Goal of the exercise: Lines from the one containing "Eleventh or twelfth" through the last line of the data are to be returned exactly, both ends included, minus any pictures.

Stored items from a collection
########
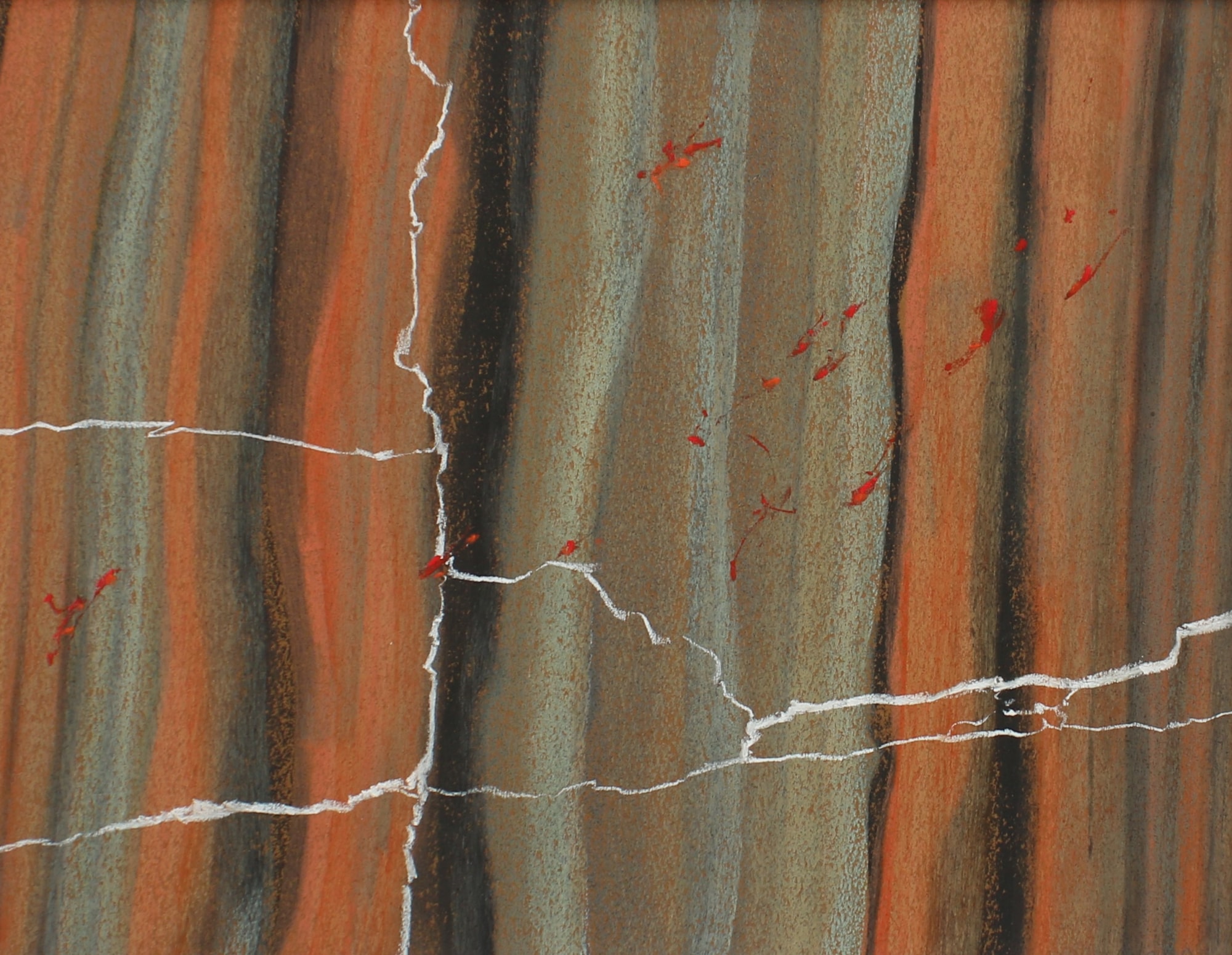 The Rattlesnake Creek Dam residency was to take time for myself, take time for health and art and spend time with something that I could relate to and learn from. In my art, I find myself constantly chasing a child-like mental clarity. This memory comes to mind when I was about 6 or 7, spending a summer's day at a lake smashing rocks with water to make a face paint. I worked all day loving the consistency and how the rock broke down, smearing it all over my body, not caring about anything but what I was doing. Something about rock beds and water systems makes adult stresses diminish. Looking at those surroundings of the landscape, insects, water flowing, plants, flowers, patterns in the river rocks then taking them to my art process gives me small adult moments of that childhood clarity of existence. I titled this one "Color Sliding Off my Fingers" because I just really got into the feeling and the sound of the pastel strokes going across the paper painting the patterns of the rock formations. Memorized by the effects of sliding one color over the other.
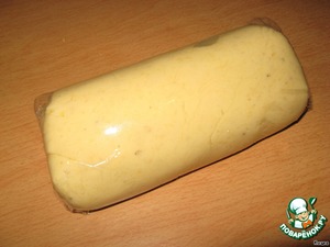 Готовому тесту придаём форму батона (пенёчка, брёвнышка), заворачиваем в пищевую плёнку и отправляем на 1 час в холодильник (я своё положила в морозилку минут на 40, оно прекрасно охладилось, а потом уже долёживало в холодильнике).
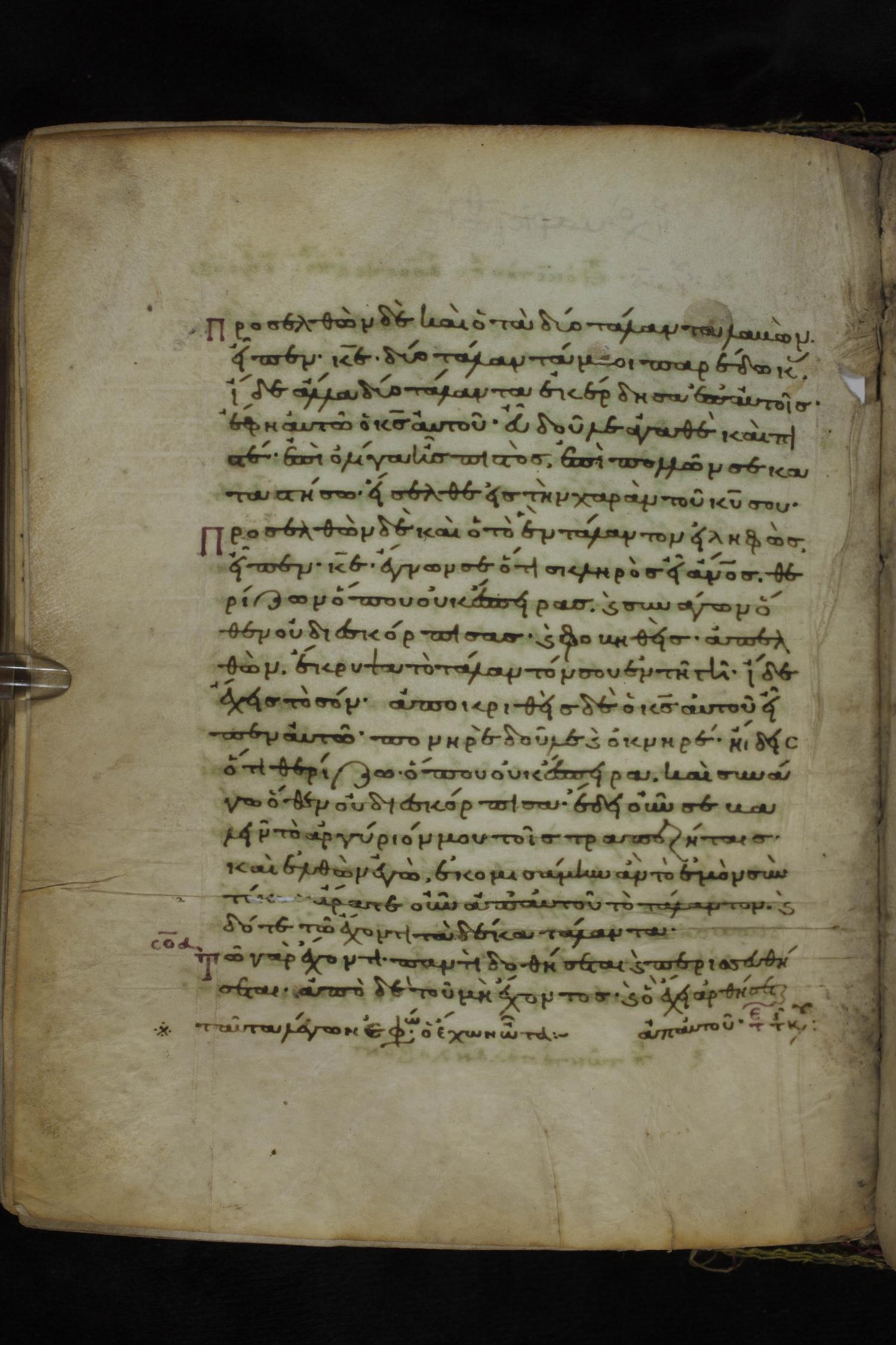 Eleventh or twelfth century minuscule of the Gospels on parchment; 231 leaves, 1 column, 21 lines per column. Images were taken at the National Library of Greece in Athens.
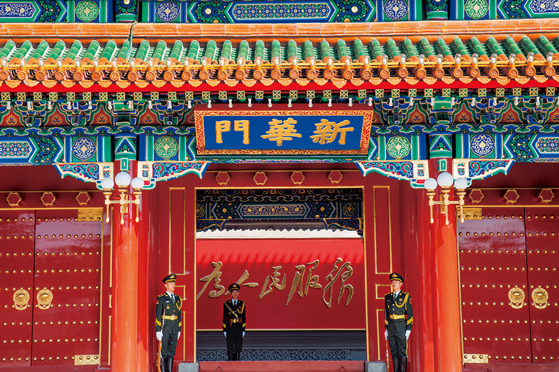 中南海新華門(mén)影壁上的“為人民服務(wù)”金色大字。資料圖片
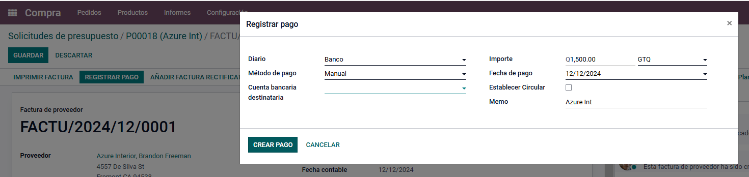Creación de pago de factura de compras
########
Written solution:
 Eleventh or twelfth century minuscule of the Gospels on parchment; 231 leaves, 1 column, 21 lines per column. Images were taken at the National Library of Greece in Athens.
 中南海新華門(mén)影壁上的“為人民服務(wù)”金色大字。資料圖片
Creación de pago de factura de compras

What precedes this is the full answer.